Items from a data source:
————
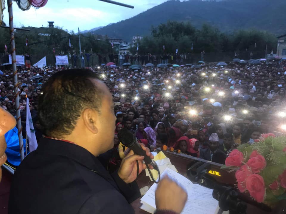नेपाली कांग्रेसका युवा नेता थापा जुम्लामा आउने भएपछि शुभेच्छुक र पार्टीका नेता तथा कार्यकर्ताहरूको भीड लागेको थियो । कार्यक्रमस्थल खचाखच भरिएको थियो ।
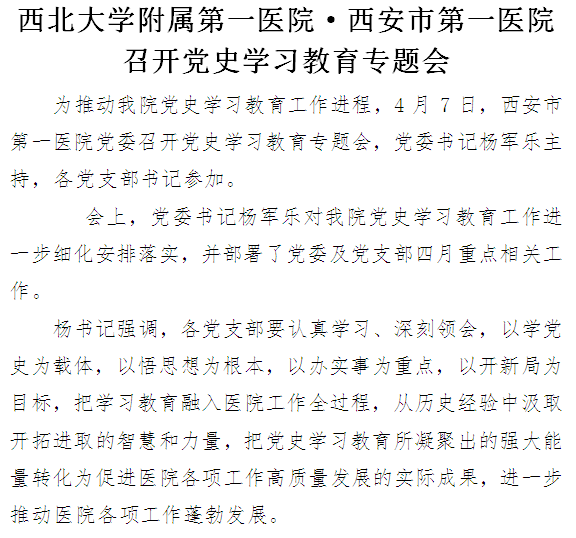 西北大学附属第一医院·男同视频 召开党史学习教育专题会
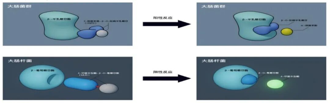 总大肠菌群、粪大肠菌群、大肠埃希氏菌能产生β-半乳糖苷酶,使培养基中的无色底物邻硝基苯β-D-吡喃半乳甘糖分解黄色的邻硝基苯酚,其中大肠埃希氏菌还能同时产生β-葡萄糖醛酸酶,使培养基中的4-甲基伞形酮-β-D-葡萄糖醛酸酶 分解为-甲基伞形酮,在紫外灯照射下产生荧光。在36±1℃经 培养后培养孔变黄的为总大肠菌群;培养孔变黄并伴有荧光的为大肠埃希氏菌;44.5℃培养后培养孔变黄的为粪大肠菌群,变黄并有荧光的为大肠埃希氏菌。统计阳性反应出现的数量,对照MPN图表,分别计算出总大肠菌群,粪大肠菌群,大肠埃希氏菌的浓度值。
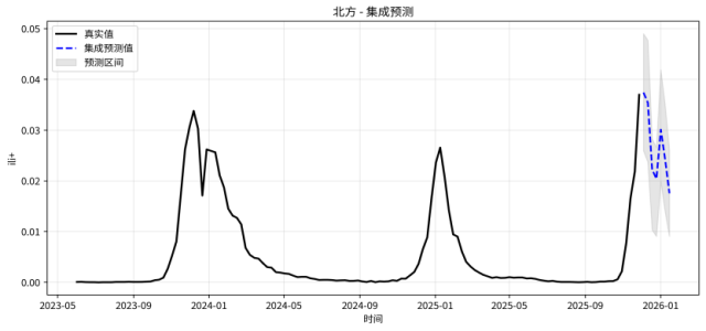 研究显示,北方地区预计将在12月中旬左右进入阶段性高峰,之后进入短期下降阶段,随后将在2026年1月初出现小范围反弹,并逐步下降。
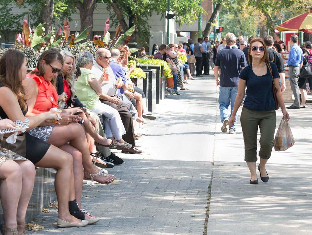 People who visit Broadway for lunch may view it as a respite from city life, but it is actually the full enjoyment of the city. Here, on the southern edge of a downtown neighbourhood easily characterized by surface lots, driveways, blank walls, and spartan street design, Broadway is a place where the human need for beauty, informality, connection and a nice place to sit have not been forgotten.
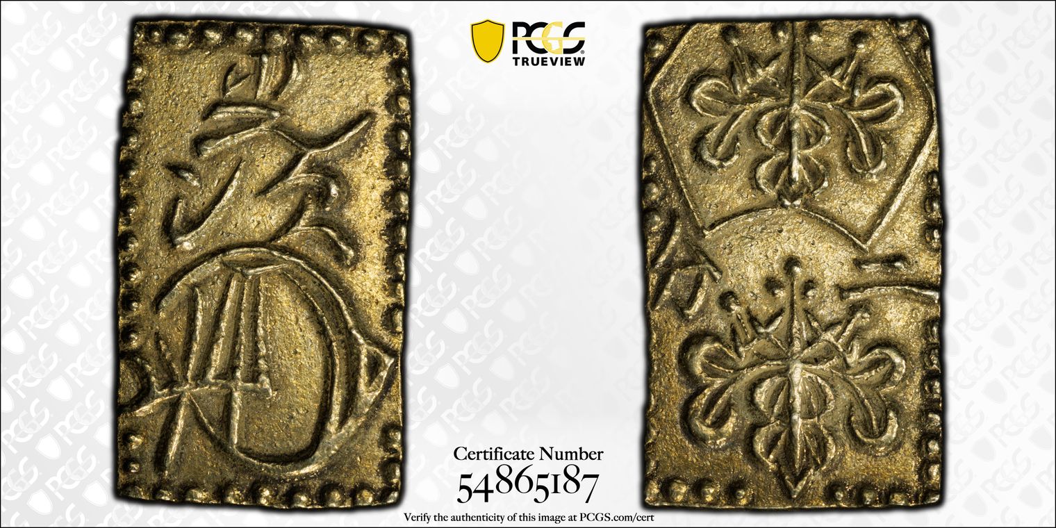 This is a scarce variety with "hane" or "jumping" characters. Hartill 9.85 Ga, JNDA 09-53. Although a comparatively low grade compared to other surviving examples, this coin is much harder to find.
————
> EXERCISE DESCRIPTION: The entries are to be written out again exactly, without their pictures.

> ANSWER FOR THIS EXERCISE:
नेपाली कांग्रेसका युवा नेता थापा जुम्लामा आउने भएपछि शुभेच्छुक र पार्टीका नेता तथा कार्यकर्ताहरूको भीड लागेको थियो । कार्यक्रमस्थल खचाखच भरिएको थियो ।
 西北大学附属第一医院·男同视频 召开党史学习教育专题会
 总大肠菌群、粪大肠菌群、大肠埃希氏菌能产生β-半乳糖苷酶,使培养基中的无色底物邻硝基苯β-D-吡喃半乳甘糖分解黄色的邻硝基苯酚,其中大肠埃希氏菌还能同时产生β-葡萄糖醛酸酶,使培养基中的4-甲基伞形酮-β-D-葡萄糖醛酸酶 分解为-甲基伞形酮,在紫外灯照射下产生荧光。在36±1℃经 培养后培养孔变黄的为总大肠菌群;培养孔变黄并伴有荧光的为大肠埃希氏菌;44.5℃培养后培养孔变黄的为粪大肠菌群,变黄并有荧光的为大肠埃希氏菌。统计阳性反应出现的数量,对照MPN图表,分别计算出总大肠菌群,粪大肠菌群,大肠埃希氏菌的浓度值。
 研究显示,北方地区预计将在12月中旬左右进入阶段性高峰,之后进入短期下降阶段,随后将在2026年1月初出现小范围反弹,并逐步下降。
 People who visit Broadway for lunch may view it as a respite from city life, but it is actually the full enjoyment of the city. Here, on the southern edge of a downtown neighbourhood easily characterized by surface lots, driveways, blank walls, and spartan street design, Broadway is a place where the human need for beauty, informality, connection and a nice place to sit have not been forgotten.
 This is a scarce variety with "hane" or "jumping" characters. Hartill 9.85 Ga, JNDA 09-53. Although a comparatively low grade compared to other surviving examples, this coin is much harder to find.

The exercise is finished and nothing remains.